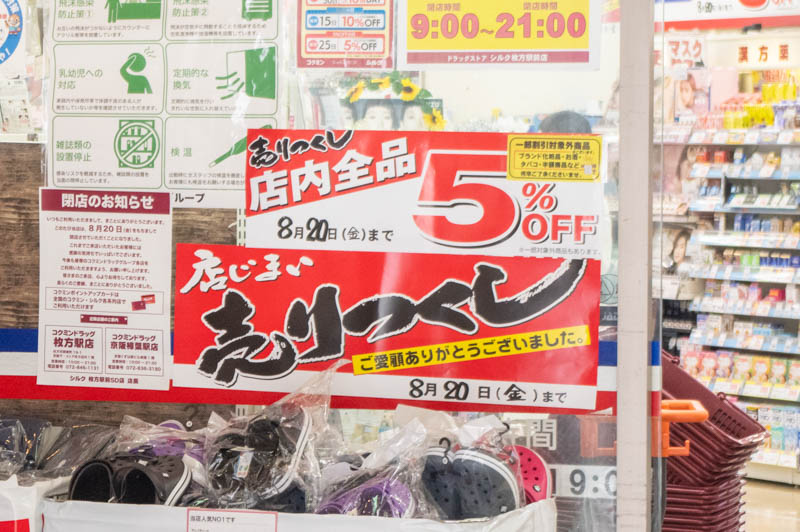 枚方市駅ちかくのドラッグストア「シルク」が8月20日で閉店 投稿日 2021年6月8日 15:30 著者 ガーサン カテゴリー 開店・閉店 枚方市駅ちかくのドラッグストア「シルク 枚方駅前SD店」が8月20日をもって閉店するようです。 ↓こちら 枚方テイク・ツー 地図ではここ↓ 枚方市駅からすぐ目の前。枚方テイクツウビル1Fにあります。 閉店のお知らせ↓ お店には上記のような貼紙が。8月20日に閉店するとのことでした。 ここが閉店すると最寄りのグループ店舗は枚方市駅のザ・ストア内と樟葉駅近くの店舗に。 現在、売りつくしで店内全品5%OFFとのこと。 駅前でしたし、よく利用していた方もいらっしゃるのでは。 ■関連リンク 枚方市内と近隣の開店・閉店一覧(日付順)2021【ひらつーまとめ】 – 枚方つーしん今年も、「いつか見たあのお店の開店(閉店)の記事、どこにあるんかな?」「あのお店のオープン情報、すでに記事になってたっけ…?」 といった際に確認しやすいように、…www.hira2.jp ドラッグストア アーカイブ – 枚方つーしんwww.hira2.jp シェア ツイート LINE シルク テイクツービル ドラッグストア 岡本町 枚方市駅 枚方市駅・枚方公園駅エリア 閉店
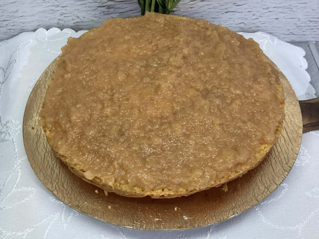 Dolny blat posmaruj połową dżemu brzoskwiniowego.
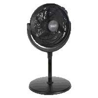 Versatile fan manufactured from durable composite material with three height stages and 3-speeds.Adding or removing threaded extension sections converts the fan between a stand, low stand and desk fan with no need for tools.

......

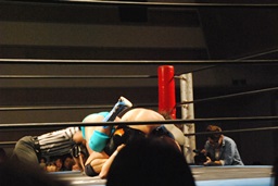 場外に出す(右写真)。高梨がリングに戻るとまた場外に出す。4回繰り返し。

......

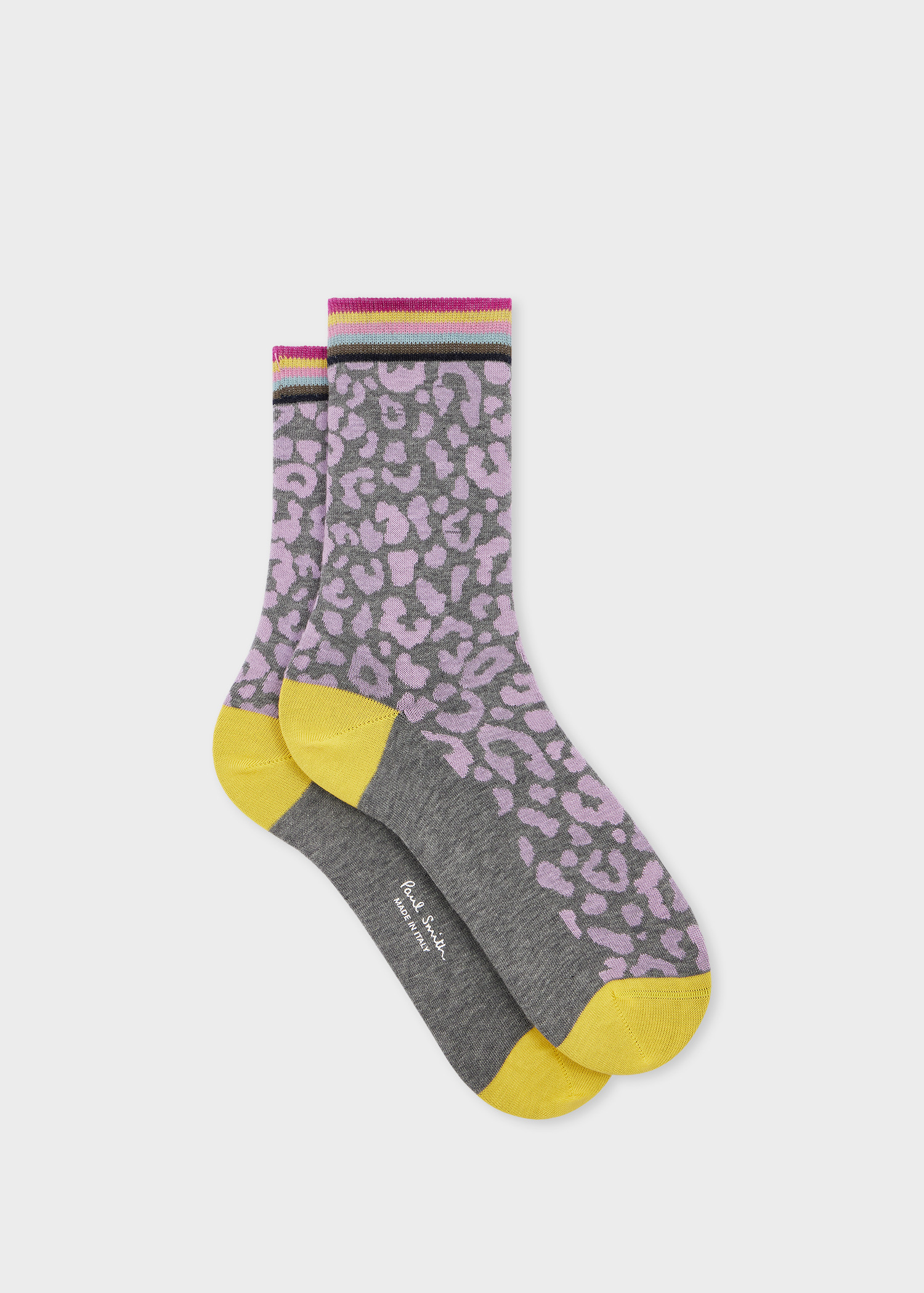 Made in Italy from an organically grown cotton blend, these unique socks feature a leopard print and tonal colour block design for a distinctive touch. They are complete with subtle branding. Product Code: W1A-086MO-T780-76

......

§ Problem: What is needed is an exact copy of the lines above, from the one holding "Dolny blat posmaruj" down to the one holding "Versatile fan manufactured", with those two included and the pictures left out.

§ The completed task:
 Dolny blat posmaruj połową dżemu brzoskwiniowego.
 Versatile fan manufactured from durable composite material with three height stages and 3-speeds.Adding or removing threaded extension sections converts the fan between a stand, low stand and desk fan with no need for tools.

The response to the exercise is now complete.